Geri çekilme, bireyin hem amaç ve hem de araçlardan kopmasını ifade etmektedir. Çekilenler, yaşadıkları topluma yabancılaşan, genellikle uyuşturucu ve alkol türü maddelerle yaşadıkları toplumdan kopan bireyler olarak tarif edilmektedir. Şekilcilik de, yine amaçlara ulaşma sıkıntısı yaşayan bireylerin, daha kolay amaçlar belirlemesi ve içinde bulundukları koşulları neyse o koşullara göre davranmasıdır. Yenilikçilik sürecinde birey amaçlarına sadıktır ancak amaçlarını gerçekleştirebilmek adına, kendince uygun olan ama kanunen uygun olmayan, suç teşkil edebilecek yollara başvurmaktadır. Sapkın davranışla sonuçlanan süreç, bu süreçtir. İsyan sürecinde ise bireyler, hem kendilerin dayatılan hedefleri ve hem de bu hedeflere ulaşmak için sunulan yollara karşı isyan ederler.
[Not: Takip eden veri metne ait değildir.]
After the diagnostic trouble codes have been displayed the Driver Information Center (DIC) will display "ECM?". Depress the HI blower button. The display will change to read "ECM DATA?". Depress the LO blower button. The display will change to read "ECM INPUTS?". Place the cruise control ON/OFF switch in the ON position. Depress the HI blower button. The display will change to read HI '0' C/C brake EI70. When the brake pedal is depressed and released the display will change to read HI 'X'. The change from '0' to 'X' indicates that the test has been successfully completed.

Gerilim teorisinin diğer bir önemli ismi olan Robert Agnew, gerilimin, insanların incitildiğini düşündüğü negatif ilişkiler sonucunda ortaya çıktığını ifade etmektedir. Genel Gerilim Teorisi adını verdiği teoride salt beklenti/araç uyumsuzluğunun değil diğer negatif ilişkilerin de gerilime ve bireyde suç işleme güdüsünün artmasına neden olacağını ifade eder. Bu negatif ilişkiler, parasal amaçlara ulaşmada engellendiğini hissetme şeklinde olabileceği gibi, kötü ebeveynliğe maruz kalmak, sevdiği birisini kaybetmek, parçalanmış bir ailede büyümek ,fiziksel ya da psikolojik tacize uğramak, öğretmenleriyle sorun yaşamak gibi değişik şekillerde olabilir. Bu tür deneyimlere maruz kalan insanların muhakkak suç işleyeceği söylenemez ama bu tür deneyimlerin bazı kişilerde suç işleme eğilimini artırdığı söylenebilir.
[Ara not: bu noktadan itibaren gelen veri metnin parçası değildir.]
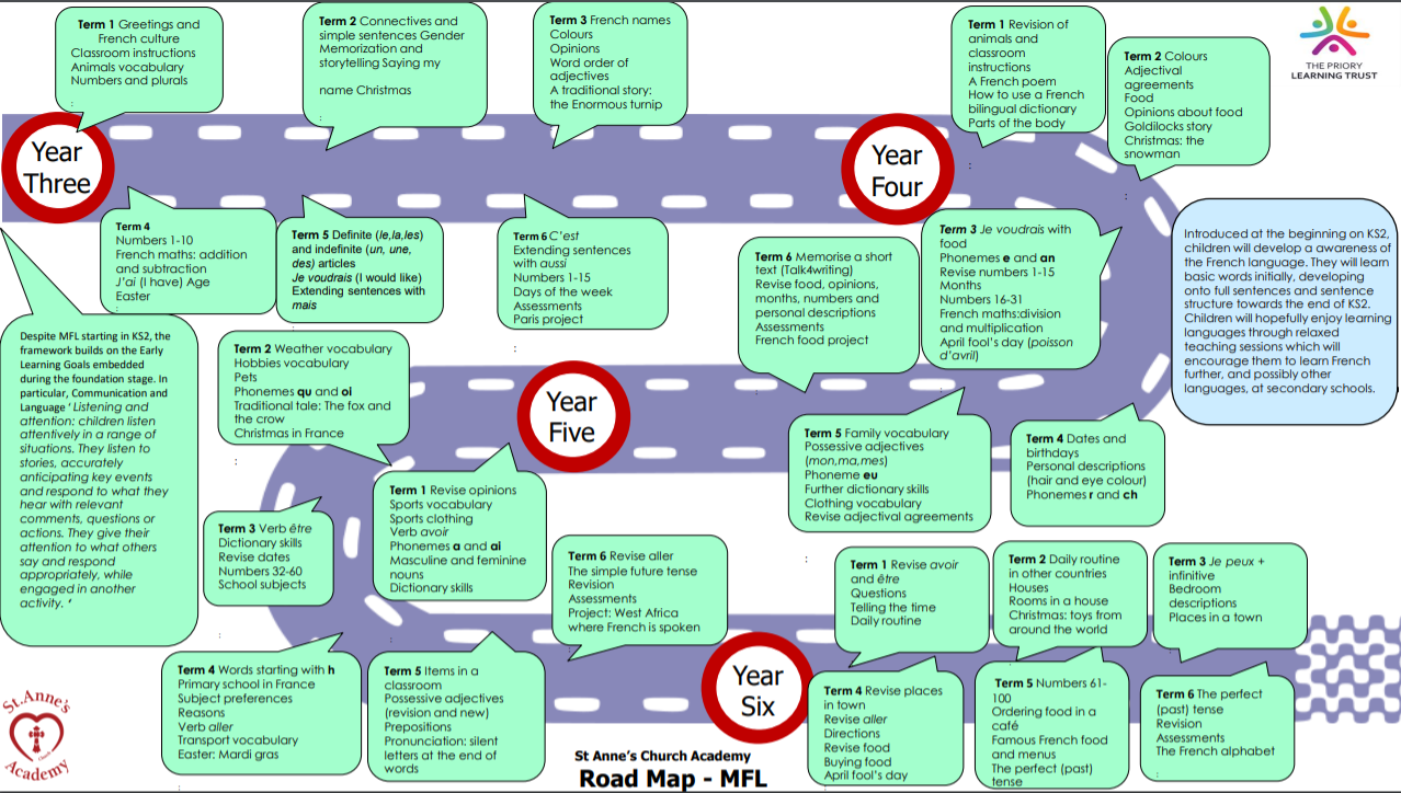 The road map below is to show the MFL curriculum as it progresses through Key Stage 2.

Zembroski (2011:250), gerilim teorilerinin uzun bir dönem boyunca, anomi ve sosyal düzensizliğe ilişkin güçlü önermeleri ile sapmış ve suçlu davranışa yönelik sosyolojik bakış açısını etkisi altında tuttuğunu ifade etmektedir. Bu alanda yapılan çalışmalarda bu teorinin açıklayıcılığının yüksek olduğu görülmüştür. Gerilim teorilerinin en büyük katkısının çete suçlarına ilişkin olduğu söylenebilir.

2.1.1.1.Gerilim Teorisine Yönelik Eleştiriler

Merton’un gerilim teorisine ilişkin olarak, kültürel değer ve hedeflerin toplumun tümü tarafından bilindiği ve paylaşıldığı varsayımı üzerine eleştiriler bulunmaktadır. Oysa toplum içindeki grupların hedefleri ve değerleri arasında farklılıklar bulunabilir. Merton, hedeflerin ve değerlerin farklılıklarını gözönüne almadığı için eleştirilmektedir. (Burke 2009:122).

Gerilim teorisi ve türevlerine ilişkin eleştiriler arasında, bir önceki eleştiriyle bağlantılı olarak, alt sınıfa mensup bireylerin suç işleme eğilimi göstereceği tespitine ilişkin eleştiriler bulunmaktadır.

Yapılan çalışmalar, alt sınıfa mensup bireylerin genellikle mevcut durumlarını kabullendikleri ve beklentilerini buna göre ayarladıklarını ortaya koymuştur. Bu çerçevede gerilim teorilerine ilişkin en önemli eleştirilerden bir tanesi orta ve üst sınıf mensuplarınca işlenen suçları açıklamakta yetersiz olmasıdır. Robert Agnew, gerilim teorisinin makro sosyokültürel hedefler ve mikro olanaklar arasındaki çatışmaya dayalı suç süreci öngörüsünün belli bir sınıfa özgü suç davranışını açıklama sınırlılığından kaynaklı zayıflığını gidermek üzere daha sonra teoriyi geliştirmiştir.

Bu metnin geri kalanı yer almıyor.